She is birthed to the world a stranger in her own skin.
Her pale gold eyes open one winter morning, and she is alive again. She is older than she was the last time she took a breath (at least, she remembers being smaller, taking mother’s warmth in her lungs). Her legs jut out from her prone position on the snow, longer than they were before. A dark strand of hair falls and curtains her gaze, grown from its former wispy existence along her neck. These differences she notices first, but they hardly matter. What she realizes next is that she is alone. Then, that she doesn’t remember why – she doesn’t remember anything, really.

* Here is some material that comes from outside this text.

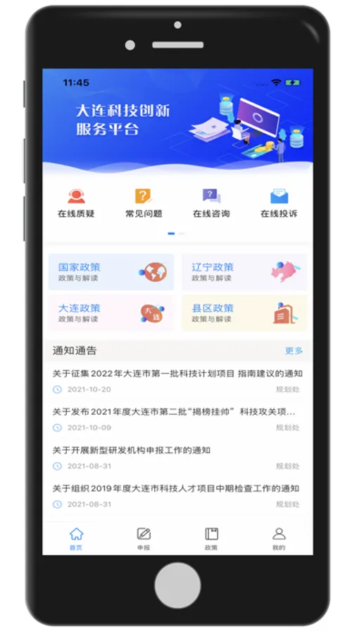 大连市科技项目管理平台集申报指南、通知通告、结果公示、科技奖励、国家政策、咨询电话等于一体。为用户提供便捷的项目信息查询、项目通知查询及电话咨询服务。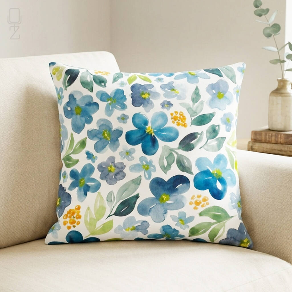 Blue Watercolor Botanical Wildflower Cushion Cover

She remembers love, but little else.
It is a golden glow that starts in her heart and warms her from the inside out. It keeps her calm on the frozen ground when she should be anything but, when she should be anywhere else. I don’t belong here, she thinks, not moving. The fleeting images of her young life are few and far between, as if they’ve been stripped or shorn away. She sees the cutting peaks of the Mountain in the distance and her chest constricts, but she doesn’t know why. She watches a family of deer as they filter slowly out of the forest, emerging from their night-hollows, and she blinks back tears.
Because it is not only her memories, sometimes foggy and sometimes missing entirely, gone from her. The worst part is the gaping hole in her very soul – the feeling that she has been halved, torn asunder. She is a diminished thing there on the snow, with eyes glazed with unshed tears. She is a lost child of the Reckoning, robbed of the life-force that should be pulsing alongside hers’. I do not belong here, she wants to cry into the snow.
But she doesn’t.
The inky girl quakes but stands on her new legs. She shakes off her mourning veil, shakes her head until a smile bobs to the surface. She remembers love, the golden glow of it that matches her own radiant skin. She keeps her love, and she remembers her name. And Vael moves forward.